I am lying on Igbi’s bed, staring up at the near darkness of the ceiling. Her roommate, Joseph is asleep now, the light from his laptop the only source of light in the room. It is how I know that Igbi is not asleep. She is still grinning at me, still giving me those knowing half-looks. I can smell the noodles from dinner on her breath when she puts her phone away, looks me right in the eye and says.
“I knew I had made the right decision hooking you up with Erelifeoluwa. Don’t forget to thank me when he asks you out and you both start dating.”
“Stop,” I rush the word out, shutting out her joking attempt to appeal to the romantic in me. “It was just a one time thing okay? I don’t intend to see him again.”
“Are you sure? He seemed pretty attached to you.”
“How do you mean?” I ask, even though I know exactly what she is talking about.
She snorts. “When we had seen him off, believe it or not, but he kept stealing glances at you and didn’t want to leave.”
“That was because you kept talking his ears off about your final year project and zodiac signs and our misadventures when I was still a student here.”
Igbi giggles at that. “And then, there was the time he didn’t want me to take his picture but when I wanted to take a shot of the two of you together, he was suddenly on-board.”
“Of course, he didn’t want to have his pictures taken. Who takes pictures at night?” I laugh, remembering the moon light snapshots Igbi had sprung on Ereli and me. In every single snapshot, he has his face hidden behind his palms. In the shot where my frame is captured, I am doubled over in laughter, tears pooling in the corners of my eyes, and I wonder, if I would still remember that moment five years from now, if I would even recognize the girl in the blurry moonlight photo, or recall why she had been laughing so much.
“Also, don’t think I didn’t notice when he had reached out to tickle you, when he thought I wasn’t looking,” Igbi adds, interrupting my train of thoughts and I laugh.
“That meant nothing!”
Again, she snorts. “Keep deceiving yourself. Seriously though, I still can’t believe you two had spent all that time just kissing. And talking… He must really like you.”

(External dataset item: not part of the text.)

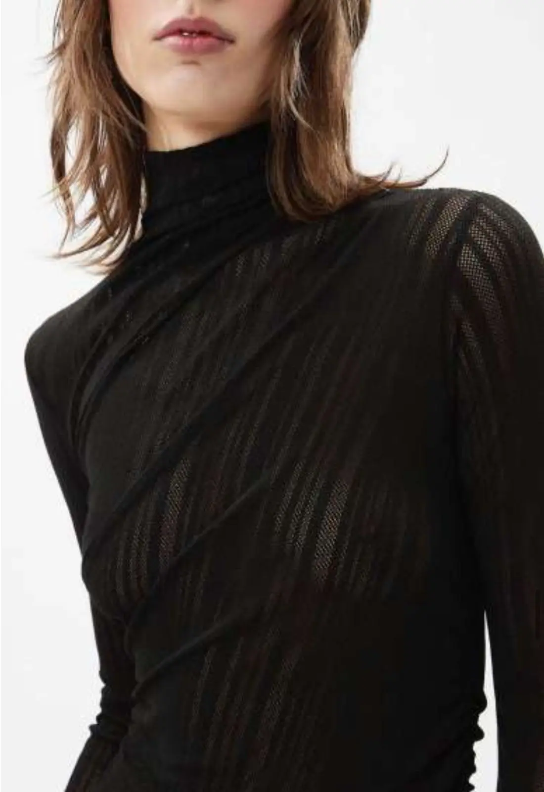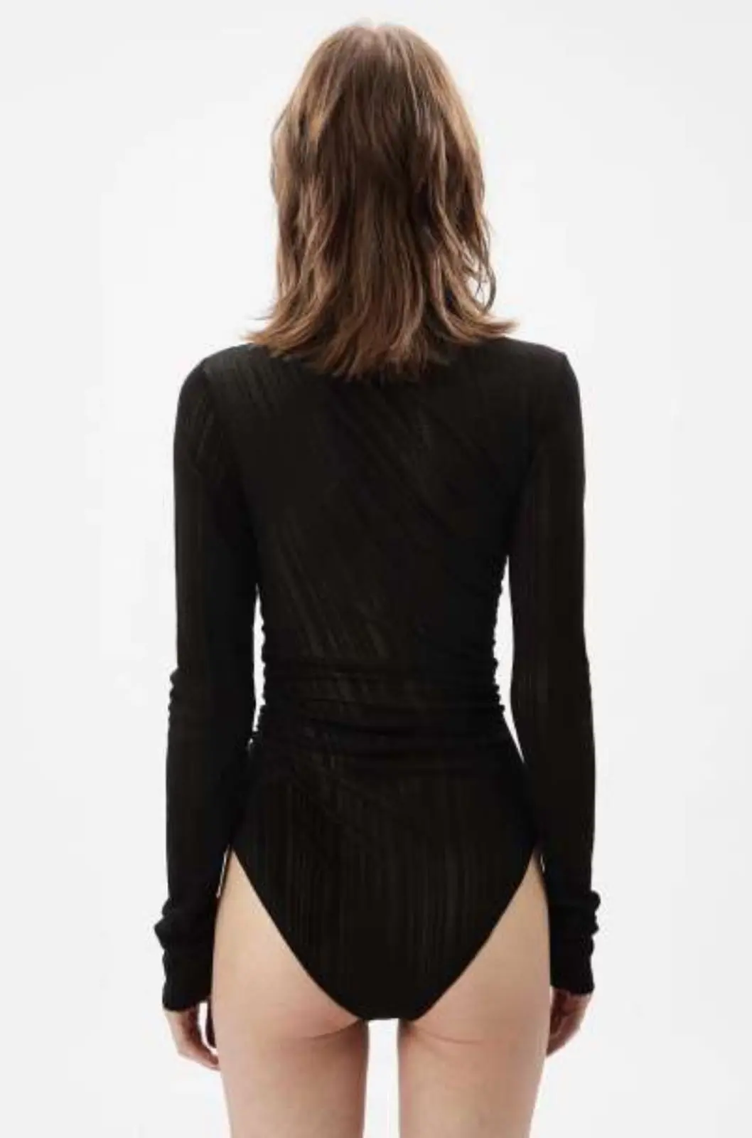 High-neck draped bodysuit in stretch raschel jersey featuring an irregular ribbed see-through effect, asymmetric ruching on the shoulder and side and long sleeves. Medium-coverage briefs, and press-button Closure Jersey - 58% PA 40% VI 2% EA

“He was just being nice and considerate.”
“So, are you serious about this being a one time thing? You’re really never going to hook up with him again?”
“Okay. I believe you.” Igbi is giving me that knowing look again and chuckling to herself but I do not say anything.
I watch Igbi fall asleep and not once do I think about Ereli. I do not think about custom-made white jerseys or a tickle stolen underneath the moonlight. I do not think of secretly shared smiles and hasty, fleeting pictures taken in the middle of a rough sloppy off-campus road. I most certainly do not think about that one final moment, when we had bid ourselves goodnight, when I had chanced a look back at his quickly disappearing figure, to see him already looking at me.
I do not think about how quickly I had looked away the moment my eyes had caught his, neither do I think about how that is the last time I would ever see him. And some days would pass before I would truly understand and come to grasp the reality of our ending.
I would go to sleep that night and I would taste his kisses in my dream and it would taste like passion and nightfall and laughter. It would taste like the colour black and every flavour of bread and night-light cities navigated through phone GPS. Unplanned. Uncharted. Unforgettable.